第207話

文字数 774文字

「……ナナちゃんから聞いたんだ……そう……会って話を……。うん、坂口くんの言うとおり……」

 上茶谷は足を押さえられてしまったように動けなくなる。まりあ以外の声は聞こえないから、電話で話をしているらしい。どうして部屋に入らずに外で話をしているのか。そこを通らなければ上茶谷は自分の部屋に入れない。

「うん。……そうだよね。でも……」

 まりあの電話は終わる様子がない。コソコソ聞き耳をたてていると思われても困る。あえていつもより音を響かせて上茶谷がニ階に上がると、話し声がピタッと止まった。階段をのぼりきると、予想どおりまりあが目を大きく見開いて上茶谷を見つめた。

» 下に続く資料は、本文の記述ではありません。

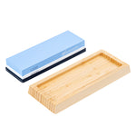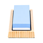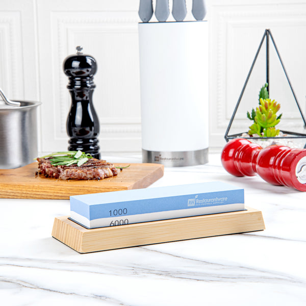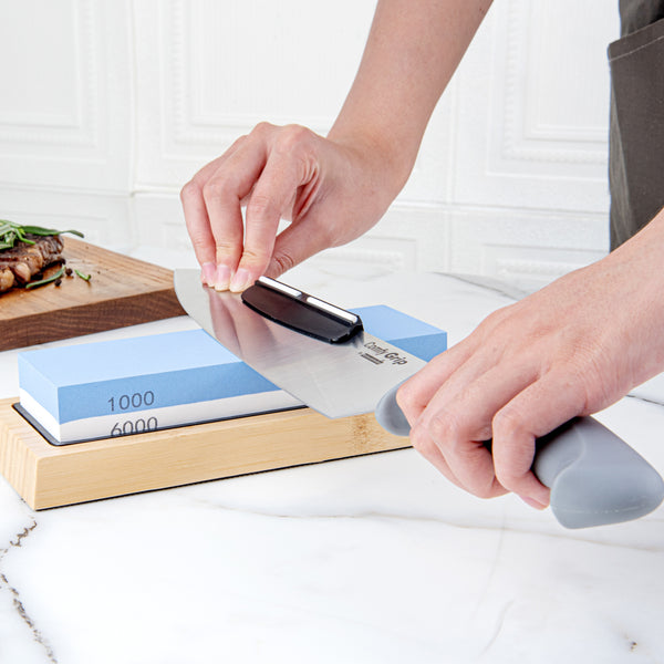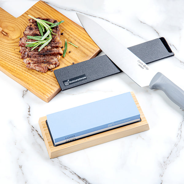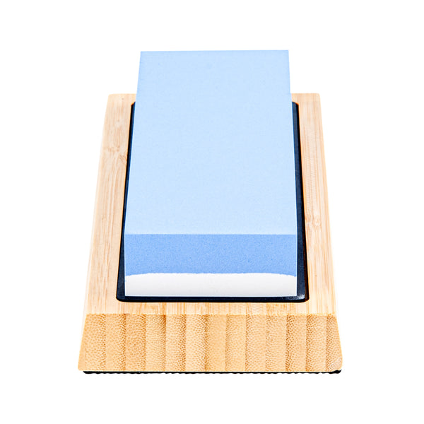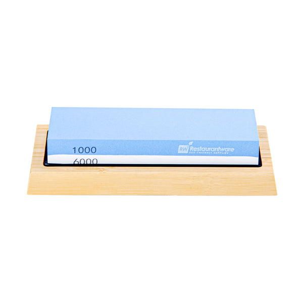 Keep your knives in prime condition with our Sensei Whetstone Knife Sharpening Set. Featuring a whetstone knife sharpener, a bamboo base, and an angle guide, this knife sharpening set has all the tools you need to keep your knives in good shape. The non-slip bamboo base of this whetstone knife sharpening set helps keep it in place during use to prevent potential accidents. This knife sharpening stone set has a two-side grit for a full sharpening process; the 1000 side allows for a more classic and basic sharpening, while the 6000 side is used for super fine finishing. Including an angle guide, this sharpening set lets you expertly sharpen various dull knives such as steak knives, sushi knives, or butcher knives. Made from strong corundum, the sharpening stone in this whetstone set is durable. Measuring 8.25 inches long by 3.5 inches wide by 2.25 inches tall, this whetstone knife sharpening set is sold in a 1 count box.

「あ! ……うん、そうなの。ごめんね。それじゃ……」

 慌てた様子で電話を切ると、まりあはどこか真面目な顔をして上茶谷にぺこりと頭を下げた。

「あ、あの。ダイゴさん、こんばんわ」

 相変わらずのちょっとずれた不思議な間合い。確かにまりあだとしみじみ感じられて、上茶谷の口元は勝手にほころんでしまう。

「こんばんわ、まりあ」

 上茶谷も頭をさげて微笑んだ。

「なんで部屋の外で電話をしているの? 防犯上よくないわよ」

 上茶谷は穏やかにそう叱るとまりあは困ったように笑った。

「あの、そろそろ入ろうかなって思ったんですよ? だけど丁度電話がかかってきて、ついそのまま話してしまって」

 漏れ聞こえた会話から判断すると相手は坂口だろう。部屋に入るのももどかしいくらい、夢中で会話をしていたのだろうか。そう思うと微かに苦いものが喉のあたりに広がって上茶谷は小さくため息をついた。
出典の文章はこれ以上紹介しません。